The decoder block will include three arguments, namely the receiving inputs, the input of the skip connection, and the number of filters in the particular building block. We will upsample the entered input with the help of the Conv2DTranspose layers in our model. We will then concatenate both the receiving input and the newly upsampled layers to receive the final value of the skip connections. We will then use this combined function and perform our convolutional block operation to proceed to the next layer and return this output value.
def encoder(entered_input, filters=64):
# Collect the start and end of each sub-block for normal pass and skip connections
enc1 = convolution_operation(entered_input, filters)
MaxPool1 = MaxPooling2D(strides = (2,2))(enc1)
return enc1, MaxPool1
def decoder(entered_input, skip, filters=64):
# Upsampling and concatenating the essential features
Upsample = Conv2DTranspose(filters, (2, 2), strides=2, padding="same")(entered_input)
Connect_Skip = Concatenate()([Upsample, skip])
out = convolution_operation(Connect_Skip, filters)
return out
If you are trying to build the entire U-Net architecture from scratch in a single layer, you might find that the overall structure is quite humungous because it consists of so many different blocks to be processed. By dividing our respective functions into three separate code blocks of convolutional operation, encoder structure, and decoder structure, we can construct the U-Net architecture with ease in a few lines of code. We will use the input layer, which will contain the respective shapes of our input image.

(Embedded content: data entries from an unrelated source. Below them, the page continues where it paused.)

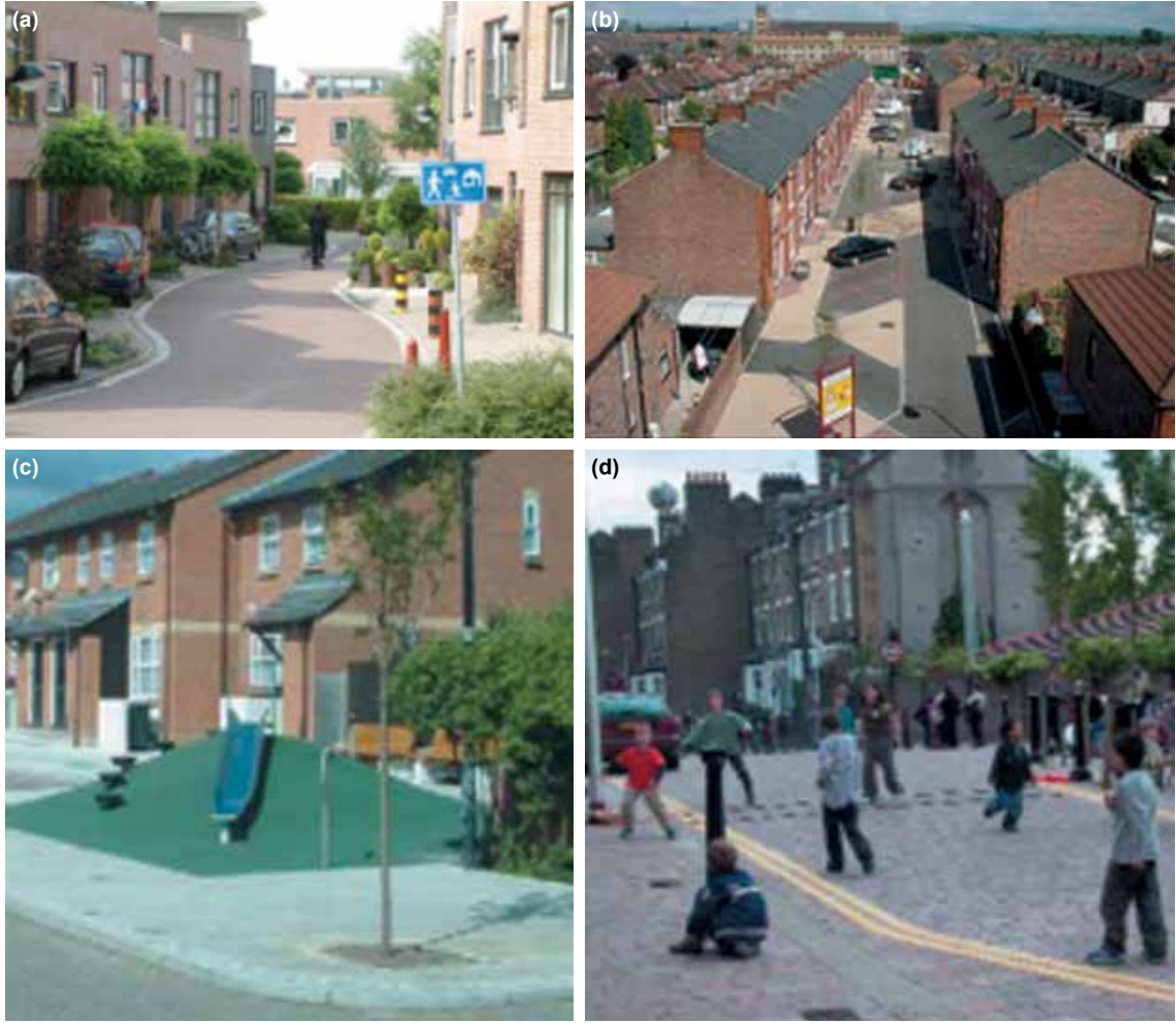
Şekil 1. (a) Bir Woonerf örneği (Rijswijk, Hollanda) (Url-1). (b) İngiltere'deki ilk "Home Zone" örneği (Stainer Street, Northmoor, Manchester) (Joseph Rowntree Foundation, 2007). (c) "Home Zone" olarak düzenlenmiş bir sokakta oyun alanı (DFT, 2005). (d) "Home Zone" olarak düzenlenmiş sokakta sokak oyunları (DFT, 2005).

çekici çevreler ve çocukların oyun gereksinimine cevap veren, çocuğu her türlü kötü olaylardan koruyan, çocukların bakış açılarını yansıtan ve çocukları aktif olarak eğitim sürecine katmayı amaçlayan mekanlar sunmayı amaçlayan bir girişim olarak uygulanmaktadır. (UNICEF, 2006). "Learning through Landscapes" girişimi ise okul bahçelerinin geliştirilmesi için başlatılmıştır. Bu okullarda güçlü bir eğitim müfredatı ve okul bahçelerinin kullanımına odaklanmış olan teneffüs ya da oyun zamanı eşdeğer olarak düşünülmektedir (Jeffrey and Woods, 2003).
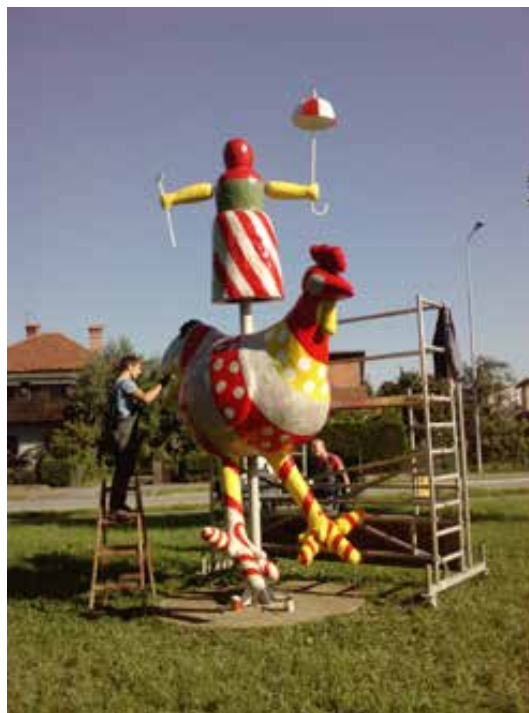
Sl. 6. Obnova Pijetla s gazdaricom 2014. godine (fotografija: Nada Matijaško).

Podravskom zborniku 2013. godine opisao je prijevoz ove velike skulpture iz kipareva atelijera u Novigradu Podravskom do Zagreba što je izazvalo veliku pažnju medija i javnosti. Zbog svojih dimenzija, skulptura je bila transportirana u pratnji policije na velikoj labudici, a ulaskom u Zagreb zapinjala je za tramvajske žice zbog čega je došlo do djelomičnog prekida prometovanja. Unatoč tome, uspješno je postavljena na glavni zagrebački trg uz odobravanje građana. Pozicioniranjem u samom središtu Zagreba postignut je sjajan marketinški efekt. Naime, skulptura je služila kao poziv posjetiteljima da prošeću do nedalekog Gornjeg grada i razgledaju izložbu. 73 Zagrepčani su brzo prihvatili novu instalaciju u poznatom im prostoru o čemu svjedoče brojne anegdote opisane u tisku za vrijeme pijetlova boravka. U zanimljivom članku koji potpisuje stanoviti Jovan Horvat u listu Podravka opisao je dječja posla koja su se svakodnevno odvijala oko skulptu-
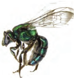
29 Pseudaugochlora graminea APIDAE
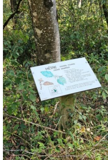
Petit Panneau Non Cartographié

Il existe de nombreuses souches et buttes de petites tailles non cartographiées mais ne gênant en rien le déroulé de la course sur chaque circuit.
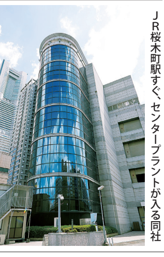
JR桜木町駅すぐ、センタープラントが入る同社

「MIRAI」へ 同社は、18年に「2030ビジョン」を策定した。スローガンは「CHALLENGE to the MIRAI」。社員への公募によって決めた。
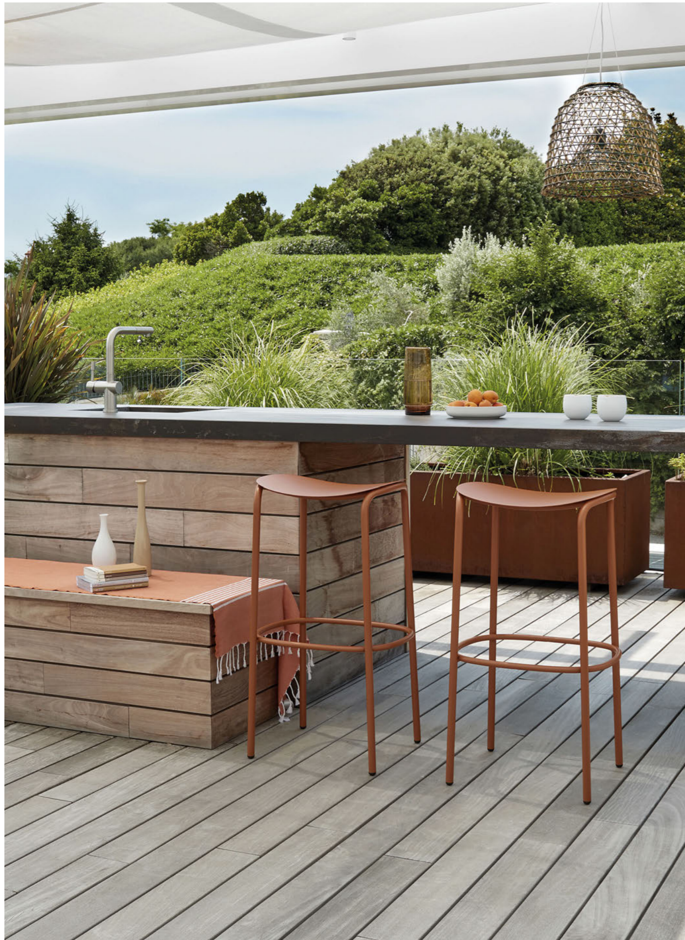
Barstool Sgabello Trick, art. 2523 h.75

Struttura in acciaio zincato e verniciato a polvere.

After this step, we will collect all the primary outputs and the skip outputs to pass them on to further blocks. We will create the next block and construct the entire decoder architecture until we reach the output. The output will have the required dimensions according to our desired output. In this case, I have one output node with the sigmoid activation function. We will call the functional API modeling system to create our final model and return this model to the user for performing any task with the U-Net architecture.
def U_Net(Image_Size):
# Take the image size and shape
input1 = Input(Image_Size)
# Construct the encoder blocks
skip1, encoder_1 = encoder(input1, 64)
skip2, encoder_2 = encoder(encoder_1, 64*2)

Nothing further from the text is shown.